For Love brings the soul
through the body to truth and the region of truth, where pure and
guileless beauty is to be found, kindly befriending its votaries like an
initiator at the mysteries. And it associates with the soul only through
the body. And as geometricians, in the case of boys who cannot yet be
initiated into the perception of incorporeal and impassive substance,
convey their ideas through the medium of spheres, cubes, and
dodecahedrons, so celestial Love has contrived beautiful mirrors of
beautiful things, and exhibits them to us glittering in the shapes
colours and appearances of youths in all their flower, and calmly stirs
the memory which is inflamed first by these. Consequently some, through
the stupidity of their friends and intimates, who have endeavoured by
force and against reason to extinguish the flame, have got no advantage
from it, but filled themselves with smoke and confusion, or have rushed
into secret and lawless pleasures and ingloriously wasted their prime.

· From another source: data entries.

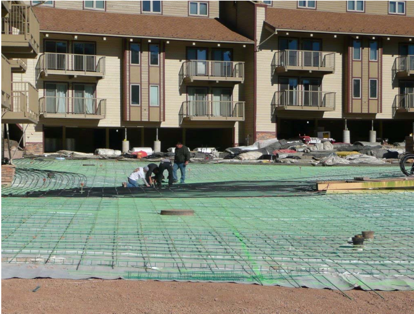
Insulating Base between Road Base and Snow Melt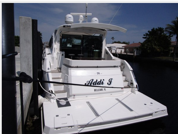
Wide Hydraulic Platform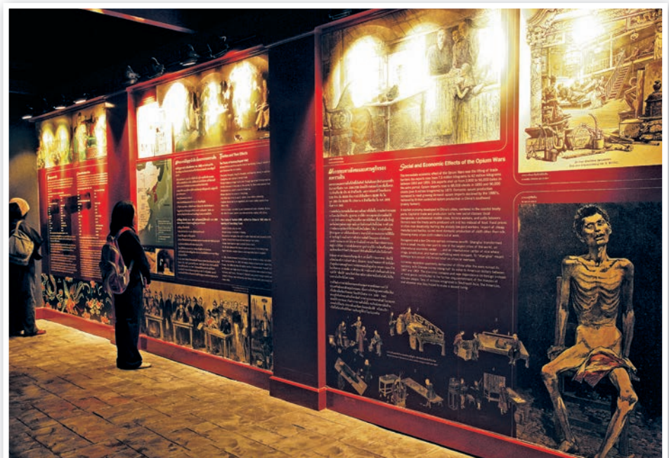
House of Opium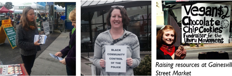
USM winning solidarity in the Pacific Northwest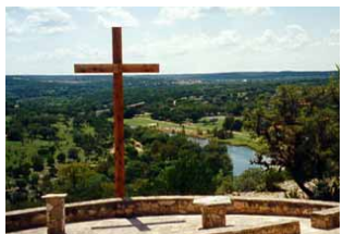
Mo-Ranch Hunt, Texas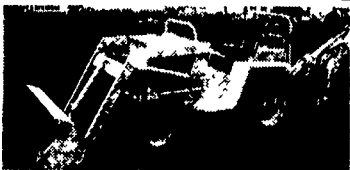
Terramite T5C Very Clean $8,900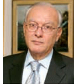
الجهد هو مفتاح النجاح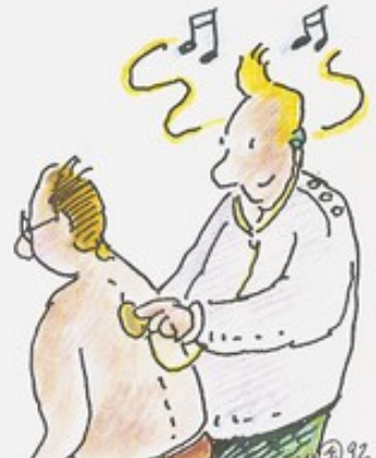
médecin, dentiste, acupuncteur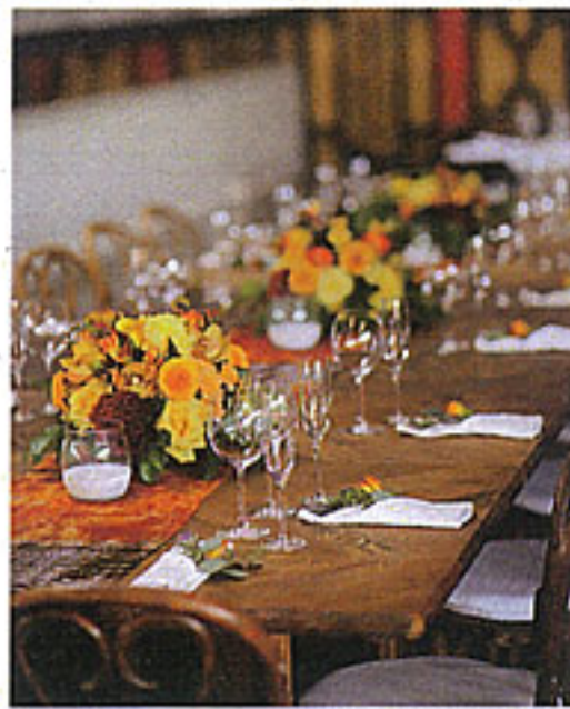
LisaGay wanted the recycled-wood tables to be seen, so she cut an earth-tone African fabric into strips for runners.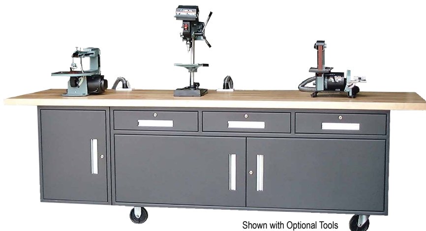
Shown with Optional Tools

Built in dust collection system features a 5 HP vacuum with (3) attachment hoses for equipment hook up. The three full extension upper drawers are ideal for tool and supply storage. The large open storage area below can be used to store tools when not in use. The 72" model has an open shelf for the vacuum while the 96" and 108" models have an enclosed vacuum cabinet.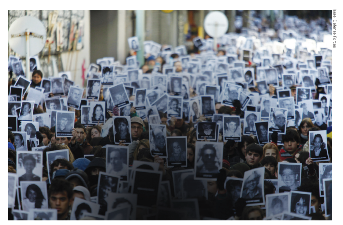
Families of AMIA victims commemorate an anniversary of the 1994 bombing that killed 85 people and injured over 300.

While Rabbani attended to the necessary logistical details in Buenos Aires, Hezbollah operatives in the tri-border area planned the the details of the operation. These two groups stayed in close touch as the plot slowly came together. Based on a joint investigation with its Argentinian counterpart, an FBI task force noted that "in the months prior to the attack, there were many calls from the mosque in the city of Iguaçu Falls to Iran, the Embassy of Iran in Buenos Aires, the Embassy of Iran in Brasilia, the at-Tauhid mosque in Buenos Aires, and the office of the cultural attaché

But as many as by sober reason and modesty have abated the extravagance
of the passion, and left in the soul only a bright glow--not exciting a
tornado of passion, but a wonderful and productive diffusion, as in a
growing plant, opening the pores of complaisance and friendliness--these
in no long time cease to regard the personal charms of those they love,
and study their inward characters, and gaze at one another with
unveiled eyes, and associate with one another in words and actions, if
they find in their minds any fragment or image of the beautiful; and if
not they bid them farewell and turn to others, like bees that only go to
those flowers from which they can get honey. But wherever they find any
trace or emanation or pleasing resemblance of the divine, in an ecstasy
of pleasure and delight they indulge their memory, and revive to
whatever is truly lovely and felicitous and admired by everybody."
Sec. XX. "The poets indeed seem for the most part to have written and sung
about Love in a playful and merry manner, but have sometimes spoken
seriously about him, whether out of their own mind, or the god helping
them to truth. Among these are the lines about his birth,
'Well-sandalled Iris bare the most powerful of the gods to golden-haired
Zephyr.'[126] But perhaps the learned have persuaded you that these
lines are only a fanciful illustration of the variety and beauty of
love." "Certainly," said Daphnaeus, "what else could they mean?"